So how does one accomplish quantile regression with a neural network or gradient boosted model. Koenker and Hallock, 2001 generalize the idea of minimizing the sum asymmetrically weighted absolute residuals to yield quantiles. One can obtain an estimate of any quantile by tilting the \(l1\) loss function by an appropriate amount. This is known as tilted loss or pinball loss. The function looks like,

\[L_{\tau}(y-y^{*}) = \begin{cases} \tau(y-y^{*}),& \text{if } y\geq y^{*}\\ -(1-\tau)(y-y^{*}), & \text{if } y \lt y^{*} \end{cases}\]

*Figure 3. Pinball loss function. Dashed line represents tau = 0.5 or the l1 loss function.*

Notice that if the tilting parameter is \(\frac{1}{2}\) or \(50th\) quantile we recover the \(l1\) loss function.

def pinball_loss(q):
    def loss(y_actual, y_pred):
        return K.mean(K.maximum(q*(y_actual-y_pred), (q-1)*(y_actual-y_pred)), axis=1)
    return loss


# 10th quantile
simple_model_q10 = build_model()
simple_model_q10.compile(optimizer='adam', loss=pinball_loss(0.10))

earlystop = EarlyStopping(monitor='val_loss', patience=10)

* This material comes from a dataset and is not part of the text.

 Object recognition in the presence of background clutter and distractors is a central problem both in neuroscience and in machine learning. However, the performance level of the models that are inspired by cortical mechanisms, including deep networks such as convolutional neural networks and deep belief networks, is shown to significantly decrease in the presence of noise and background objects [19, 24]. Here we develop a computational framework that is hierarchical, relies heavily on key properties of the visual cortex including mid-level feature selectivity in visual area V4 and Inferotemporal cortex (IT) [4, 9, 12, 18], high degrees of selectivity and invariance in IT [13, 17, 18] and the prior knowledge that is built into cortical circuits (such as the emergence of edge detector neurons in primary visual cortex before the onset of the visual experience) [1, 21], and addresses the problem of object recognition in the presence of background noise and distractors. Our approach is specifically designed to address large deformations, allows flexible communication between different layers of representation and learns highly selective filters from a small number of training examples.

model_hist = simple_model_q10.fit(
    x, y,
    batch_size=64,
    epochs=700,
    callbacks=[earlystop],
    shuffle=True,
    validation_split=0.2
)

pred_q10 = simple_model_q10.predict(x_pred)
delq10 = pred.flatten() - pred_q10.flatten()

# 90th quantile
simple_model_q90 = build_model()
simple_model_q90.compile(optimizer='adam', loss=pinball_loss(0.90))

earlystop = EarlyStopping(monitor='val_loss', patience=10)

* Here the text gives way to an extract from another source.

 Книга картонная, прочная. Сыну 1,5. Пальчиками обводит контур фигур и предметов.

model_hist = simple_model_q90.fit(
    x, y,
    batch_size=64,
    epochs=700,
    callbacks=[earlystop],
    shuffle=True,
    validation_split=0.2
)

pred_q90 = simple_model_q90.predict(x_pred)
delq90 = pred_q90.flattnen() - pred.flatten()

fig, ax = plt.subplots()
ax.plot(x, y, 'o', fillstyle='none')
ax.plot(x_pred, pred, '-')
ax.plot(x_pred, pred_q90, 'r--')
ax.plot(x_pred, pred_q10, 'r--')
ax.fill_between(x_pred.flatten(), pred_q10.flatten(), pred_q90.flatten(), color='grey', alpha=0.2)
ax.grid(True)
plt.show()

*Figure 2. The orange line represents fitted function. The function fit on the 10th and 90th quantile is represented by the dashed red line.*

Before we start talking about the practical applications let’s take a look at how we can quantify the epistemic uncertainty.

Epistemic Uncertainty

One of the many ways to estimate epistemic uncertainty in a model is to use bootstrapping to resample the original data set and re-train the model. This is a relatively simple method; however, it is computationally expensive. Every time you resample you must retrain the model. The more the number of resamplings, the better the estimate of the uncertainty. There are other methods for finding the epistemic uncertainty such as Monte Carlo Dropout (Gal and Ghahramani, 2016) and randomized prior functions (Osband, Aslanides, and Cassierer, 2018). Under sufficient conditions, resampling the original dataset is a reasonable representation of natural variance of the dataset. So, how does this capture epistemic uncertainty? If you consider our original synthetic data set the density of data points decreases as we move away from zero. As we resample and retrain the model, the areas with lower density of data points will see larger changes in model fit. Resampling at the low densities can cause the relationship between the independent and dependent variables to look very different.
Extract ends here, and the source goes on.